Task description: Give the data again exactly as written, without any of its pictures.
(Beginning of Dataset excerpt)
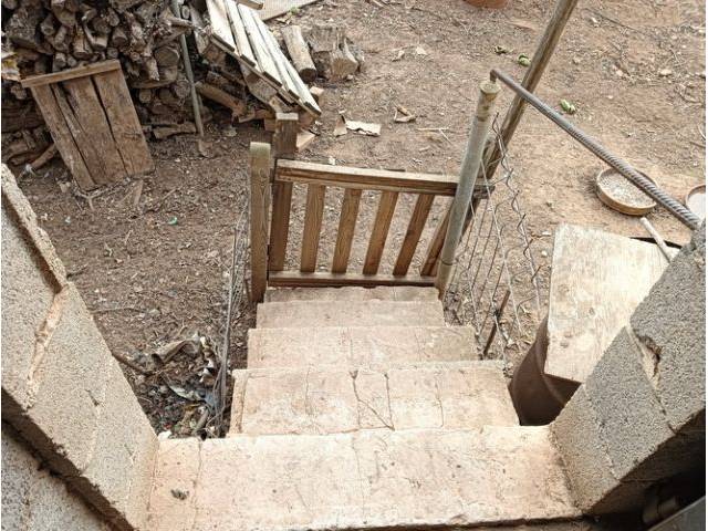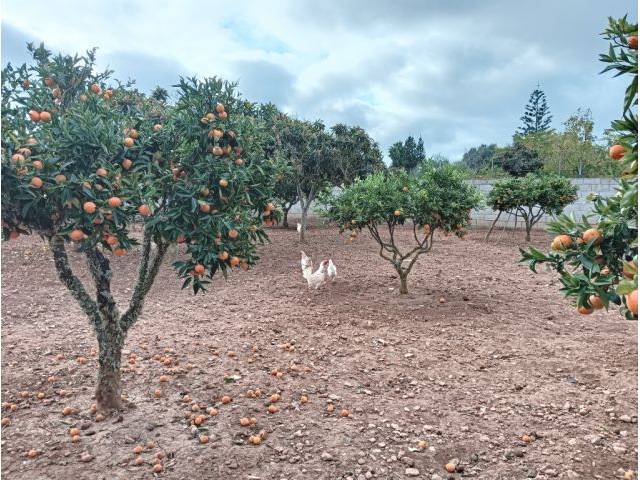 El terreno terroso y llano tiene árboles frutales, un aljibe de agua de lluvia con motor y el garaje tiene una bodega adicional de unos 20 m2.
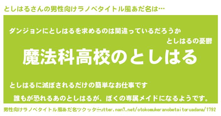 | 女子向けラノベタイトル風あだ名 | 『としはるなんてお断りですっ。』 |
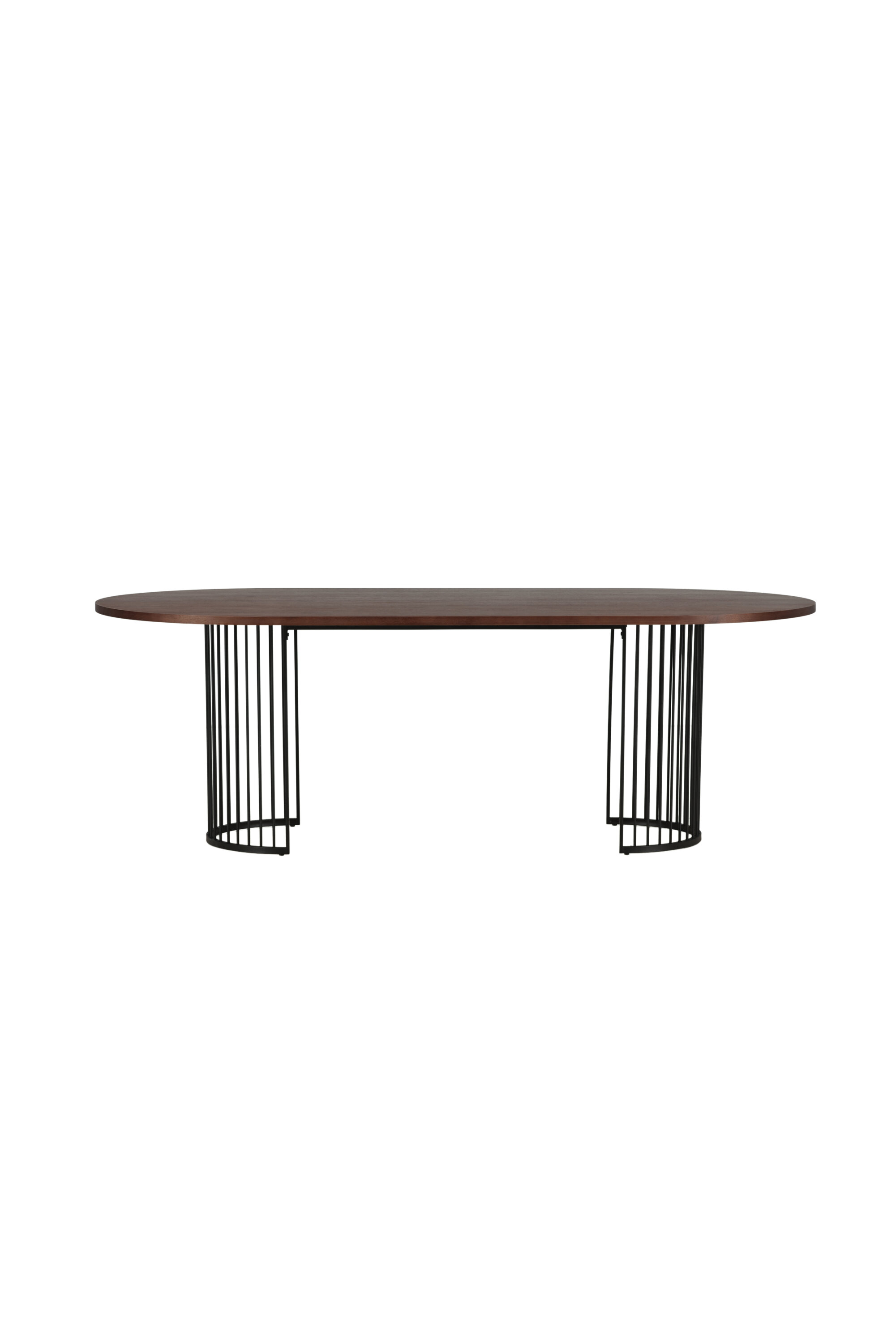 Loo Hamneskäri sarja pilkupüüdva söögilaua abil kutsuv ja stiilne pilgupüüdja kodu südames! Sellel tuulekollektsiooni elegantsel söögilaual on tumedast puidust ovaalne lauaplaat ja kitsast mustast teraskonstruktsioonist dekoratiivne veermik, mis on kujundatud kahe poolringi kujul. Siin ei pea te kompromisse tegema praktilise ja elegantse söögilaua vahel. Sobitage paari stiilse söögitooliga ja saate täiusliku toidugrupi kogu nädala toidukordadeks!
(End of Dataset excerpt)
Solution to the problem:
 El terreno terroso y llano tiene árboles frutales, un aljibe de agua de lluvia con motor y el garaje tiene una bodega adicional de unos 20 m2.
 | 女子向けラノベタイトル風あだ名 | 『としはるなんてお断りですっ。』 |
 Loo Hamneskäri sarja pilkupüüdva söögilaua abil kutsuv ja stiilne pilgupüüdja kodu südames! Sellel tuulekollektsiooni elegantsel söögilaual on tumedast puidust ovaalne lauaplaat ja kitsast mustast teraskonstruktsioonist dekoratiivne veermik, mis on kujundatud kahe poolringi kujul. Siin ei pea te kompromisse tegema praktilise ja elegantse söögilaua vahel. Sobitage paari stiilse söögitooliga ja saate täiusliku toidugrupi kogu nädala toidukordadeks!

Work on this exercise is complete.